The entire project has only about 8,000 lines of code, but Kapasi emphasized that "the code structure is quite clear." Furthermore, the code repository is essentially entirely handwritten by Kapasi, with only a tab-key auto-completion feature.
"I've tried using Claude or Codex's Agent several times before, but the results were very poor and in the end they didn't help. This may be because the code style and functionality of this repository deviate too much from the regular code in the training data of these tools." Kapasi said.
Talking about the model architecture of nanochat, Kapasi introduced that it is similar to the Llama model as a whole, but with a simpler structure. It also borrows some design ideas from modded-nanoGPT (an improved version of nanoGPT).
He attempted to identify a reliable baseline architecture for models of this size, which was as follows:
- Dense Transformer (no sparse structure)
- Rotary embeddings, no other positional encodings are used
- QK Normalization (QK Norm, normalizes the query vector Q and key vector K)
- The weights of the embedding layer and the unembedding layer are not shared
- Normalize the token embedding results
- Using the relu squared (relu²) activation function in a multi-layer perceptron (MLP)
- Root Mean Square Normalization (RMSNorm) does not contain learnable parameters
- No biases are used in linear layers
- Multi-Query Attention (MQA)
- Logit softcap (limiting the range of logit values to stabilize training)
nanochat's optimizer uses a Muon + AdamW combination, a design heavily inspired by modded-nanoGPT. Kapathy reportedly has a to-do item: attempting to remove the reliance on Muon by optimizing Adam's learning rate (for example, by setting dedicated learning rates for different modules), but he hasn't yet invested enough energy in this endeavor.
Netizen: Happy to get the machine and learn the title of engineer
In addition to Github, the newly released nanochat is also very popular on social platforms.
"I have always liked the Nano series of projects!
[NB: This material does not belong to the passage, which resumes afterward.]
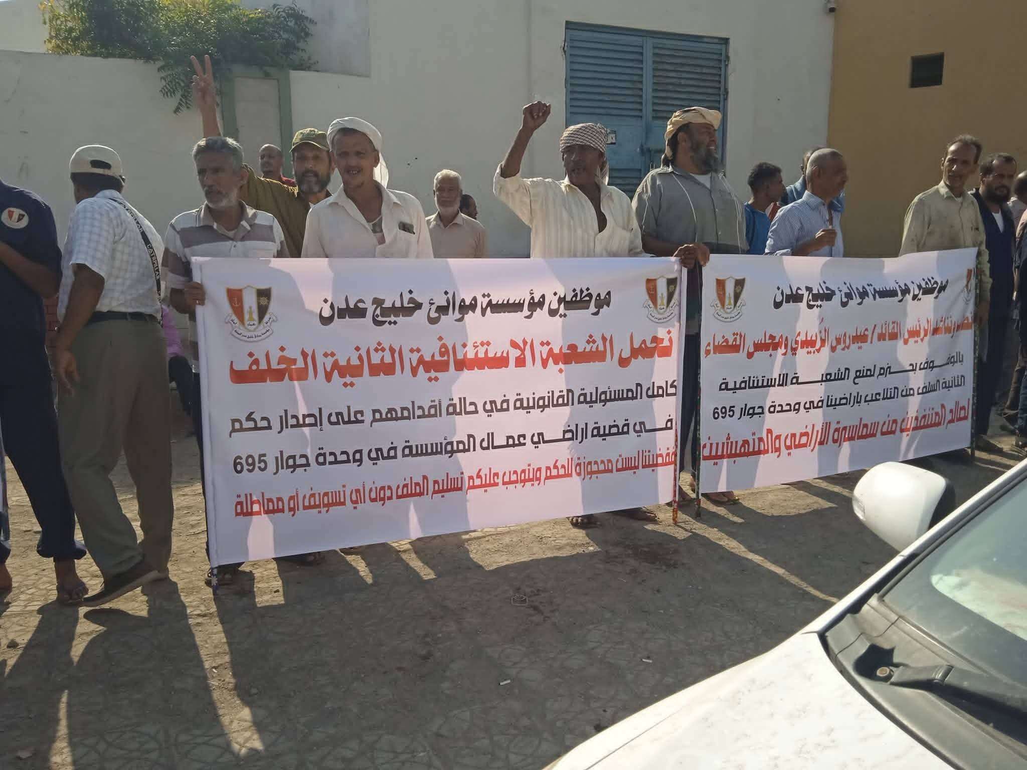 من جانبه، قال جمال علي صالح محمد، أحد موظفي المؤسسة، إن هذه الوقفة هي الرابعة أمام المحكمة، موضحاً أن موظفي مؤسسة موانئ خليج عدن يمتلكون عقوداً رسمية صادرة من هيئة الإسكان والأراضي، إلا أن تلك الأراضي تعرضت للتلاعب ونُقلت إلى تجار، مناشداً مجلس القيادة الرئاسي ونائب رئيس المجلس اللواء عيدروس الزُبيدي الوقوف إلى جانب العمال والموظفين وإنصافهم.

This minimalist end-to-end training/inference toolchain will definitely have a profound impact on many machine learning learners and researchers." said one netizen.
Another netizen said, "Personally, this code repository is an excellent resource for future learning—it's very helpful for understanding low-level deep learning implementations based on Rust, as well as (more fundamentally) deep learning development in Python." He also pointed out, "If everyone could use this repository to train their own large language models (LLMs) with minimal effort, wouldn't the technological advantages of companies like Anthropic and OpenAI be weakened? After all, there are many excellent engineers on the market. With sufficient resources, they are entirely capable of training even more powerful large language models."
Another person pointed out, "I think the biggest audience for this code repository is researchers. Many people may have ideas for improving the Large Language Model (LLM), but turning these ideas into complete implementations requires a lot of effort and the final results are uncertain. Now, we have a set of ready-made tools and processes that everyone can use to experiment. What used to be just a fantasy of 'What if this could be done?' has now become a concrete action of 'I'll try to implement this idea next weekend.'"
One netizen even joked, “After running this, I will definitely add the title of ‘machine learning engineer’ to my resume.”
Reference Links:
https://x.com/karpathy/status/1977755427569111362
https://github.com/karpathy/nanochat
This article is from the WeChat public account "AI Frontline" , compiled by Hua Wei, and published by 36Kr with authorization.